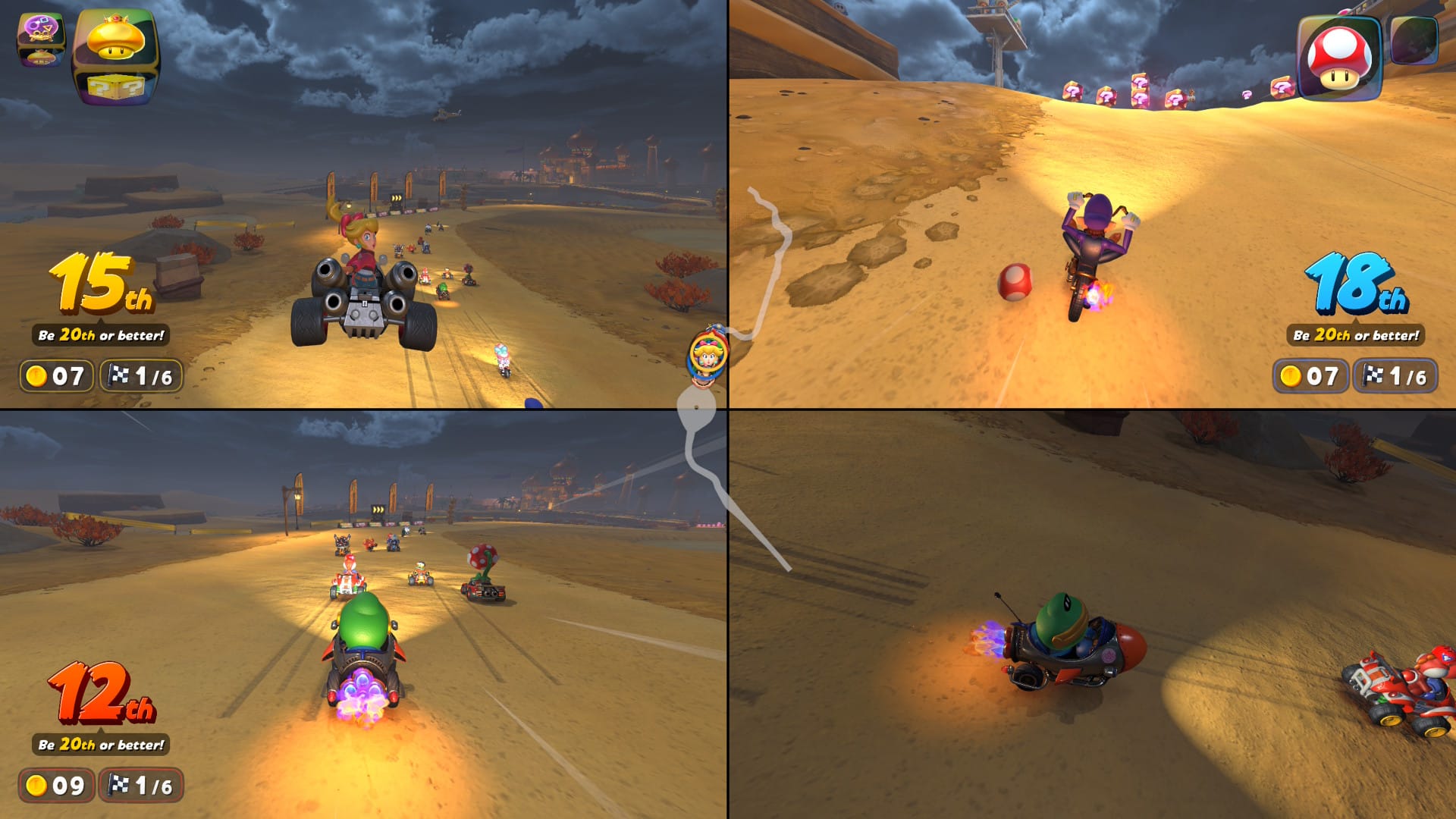 Whatever mode you're playing, there is a lot of jockeying for first and especially second place. With the jump from 12 racers to 24 comes double the items, so there’s tons of shells, bananas, lightning bolts, feathers, coins, and mushrooms in play at all times. There are plenty of returning items in addition to new ones like the feather which lets you instantly jump to access shortcuts or the golden shell which speeds forward leaving a trail of coins behind it. They all add a bit of moment-to-moment strategy to the game, like do you keep a shell to protect you from other racers items, or throw it to potentially slow down the person ahead of you?
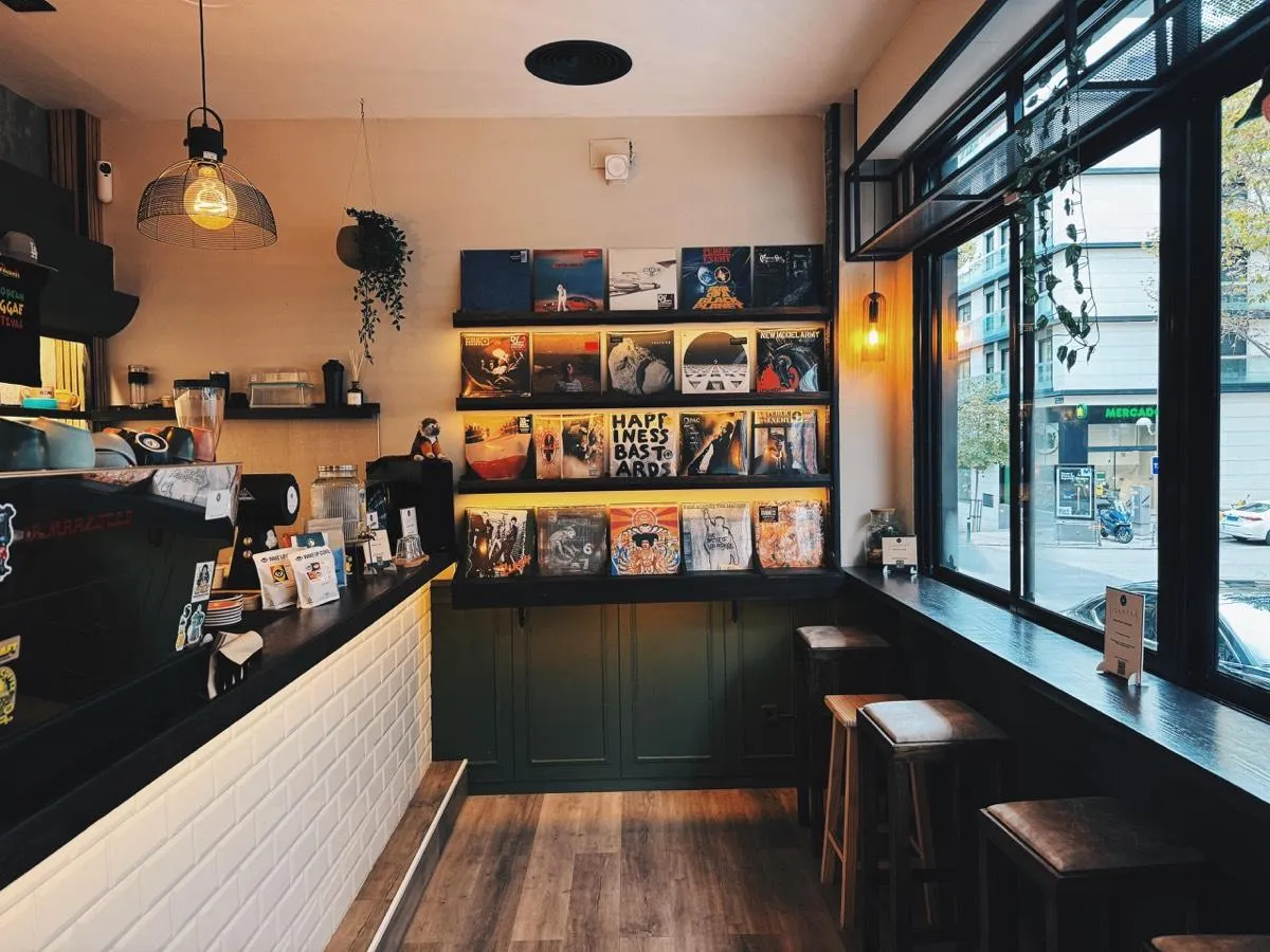 Specialty coffee and vinyl records in Prosperidad, Madrid. Walk in, pick a record, and let the music play while we pull your shot.
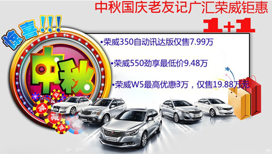 2013年9月19-21日,廣西弘威為迎接中秋,回饋更多新老客戶,推出中秋國慶老友記•廣匯榮威鉅惠1+1方案,優(yōu)惠詳細如下:
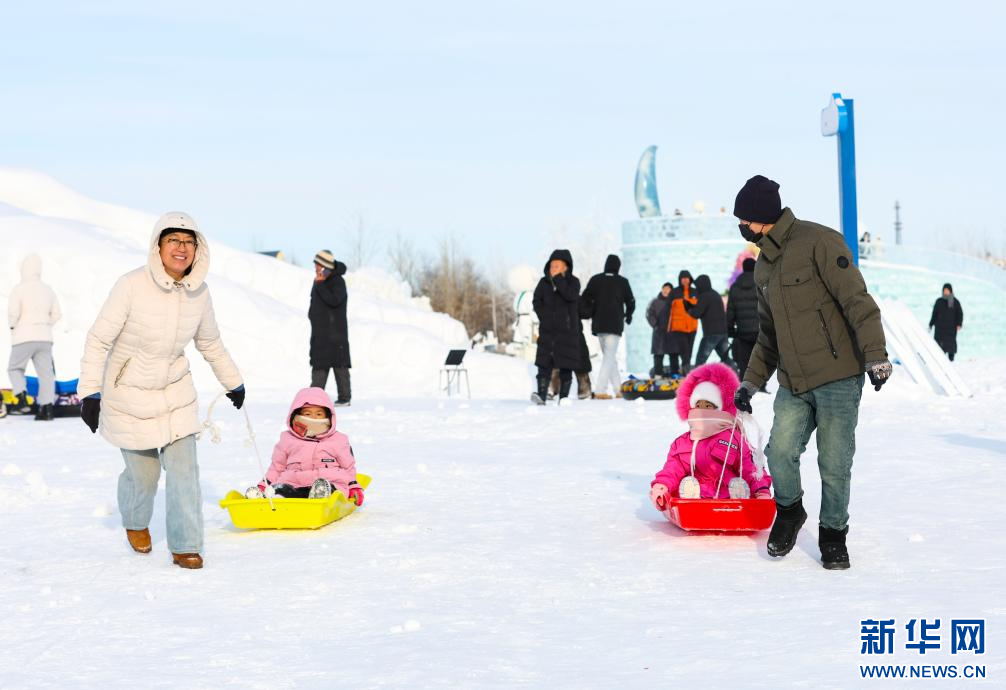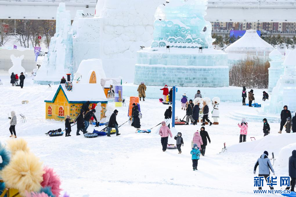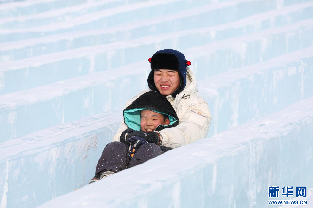 12月20日,游客在“绒绒雪世界”体验冰滑梯。新华网发(康文魁 摄)
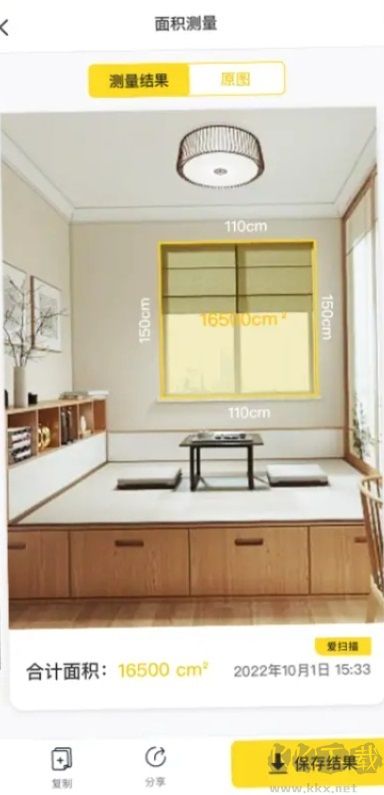 将摄像头对准房屋空间,软件即可自动计算并显示房间的面积;
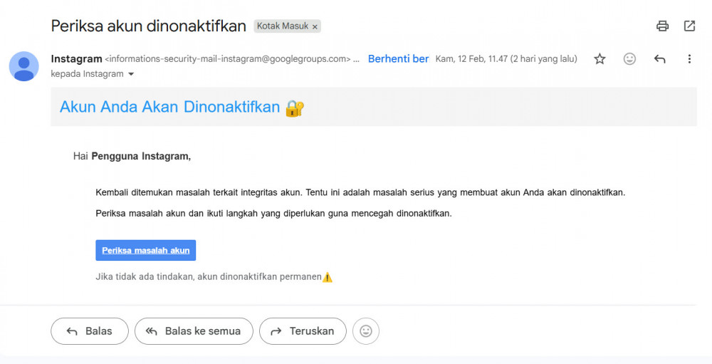 Jika tidak ada tindakan, akun dinonaktifkan permanen!
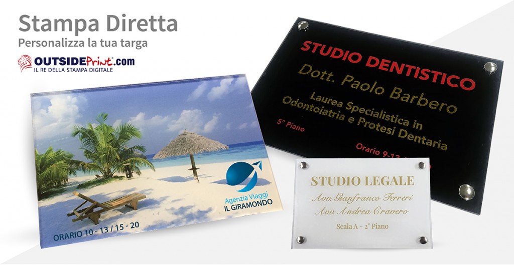 La realizzazione di una targa in plexiglass personalizzata è ormai alla portata di tutti e OutsidePrint propone nel suo negozio di stampa digitale online la possibilità di realizzare la tua targa per ufficio su Plexiglass trasparente oppure opaco oppure su Forex.
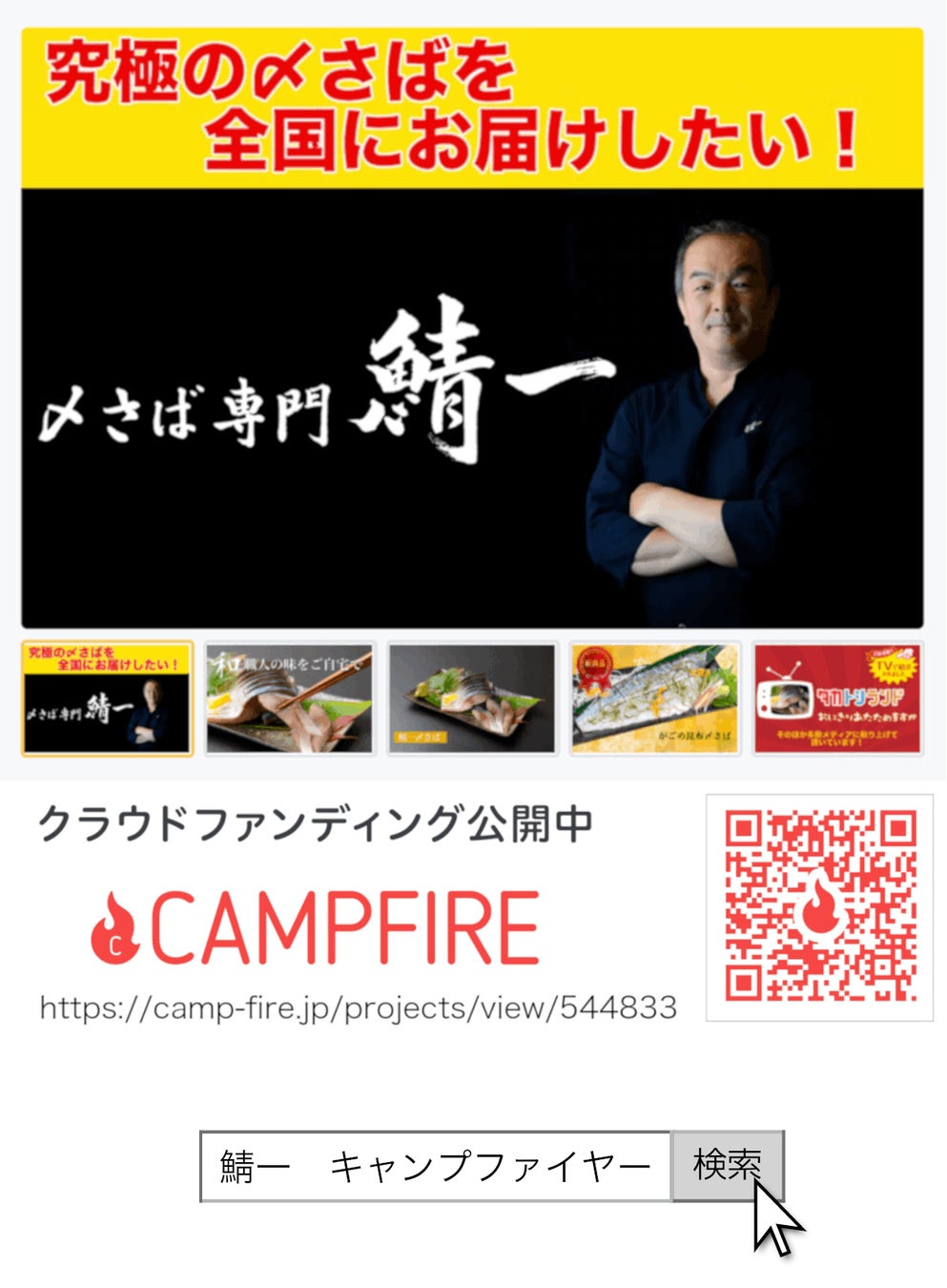 CAMPFIRE(キャンプファイヤー)サイト内の検索から『鯖一』を入力頂くか、下記URLからご支援頂ければ幸いです。

What is being asked: The pictures stay out; repeat exactly the lines from the one with "2013年9月19-21日,廣西弘威為迎" to the end of the entries above, and nothing else.

Solution for this task:
 2013年9月19-21日,廣西弘威為迎接中秋,回饋更多新老客戶,推出中秋國慶老友記•廣匯榮威鉅惠1+1方案,優(yōu)惠詳細如下:
 12月20日,游客在“绒绒雪世界”体验冰滑梯。新华网发(康文魁 摄)
 将摄像头对准房屋空间,软件即可自动计算并显示房间的面积;
 Jika tidak ada tindakan, akun dinonaktifkan permanen!
 La realizzazione di una targa in plexiglass personalizzata è ormai alla portata di tutti e OutsidePrint propone nel suo negozio di stampa digitale online la possibilità di realizzare la tua targa per ufficio su Plexiglass trasparente oppure opaco oppure su Forex.
 CAMPFIRE(キャンプファイヤー)サイト内の検索から『鯖一』を入力頂くか、下記URLからご支援頂ければ幸いです。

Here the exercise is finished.